Short Sale to buy or not to buy?

Buyers pursue short sales to get a good deal. So when you see a price listed for a home that you think is too low for the neighborhood, before you jump on that price like hot fudge on a sundae, ask your agent to call the listing agent to find out if the home is a short sale.
Because you might want to think twice about making an offer on a pre-foreclosure, short sale home. It's not as simple as you may believe, and very few can close in 30 days or less.
What is a Short Sale?
A short sale means the seller's lender is accepting a discounted payoff to release an existing mortgage. Just because a property is listed with short sale terms does not mean the lender will accept your offer, even if the seller accepts it.
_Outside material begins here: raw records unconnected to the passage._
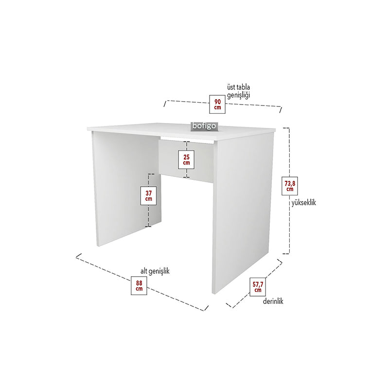 Le dimensioni del prodotto sono condivise in dettaglio nelle immagini. Gli oggetti per scopi visivi non sono inclusi nel prodotto. Bofigo Study Desk aggiunge eleganza alla tua casa grazie alla sua facilità d'uso e all'aspetto moderno.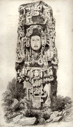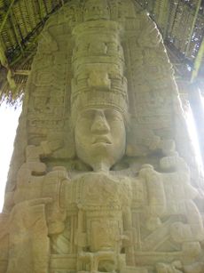 النصب D من كيريگوا، يمثل الملك Kʼakʼ Tiliw Chan Yopaat[8]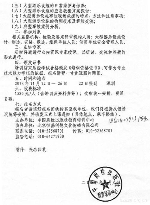 關(guān)于舉辦“《大型游樂(lè)設(shè)施安全監(jiān)察規(guī)定》及游樂(lè)設(shè)施安全管理與典型事故案例分析”培訓(xùn)班的通知

Be aware that the seller need not be in default -- to have stopped making mortgage payments -- before a lender will consider a short sale. A lender may consider a short sale if the seller is current but the value has fallen. The seller may have over-encumbered, owe more than the home is worth, so a discounted price might bring the price in line with market value, not below it.

Check the Public Records
Do your research before making an offer to purchase. Your agent can find out who is in title, whether a foreclosure notice has been filed and how much is owed to the lender(s). This is important because it will help you to determine how much to offer.
If there are two loans, you could have a problem. The first mortgage lender's position is protected by the second lender, unless the second lender does not want to foreclose. If a seller owes $160,000 on the first and $40,000 on the second, offering $160,000 leaves nothing for the second. The first will need to give something to the second to gain its cooperation.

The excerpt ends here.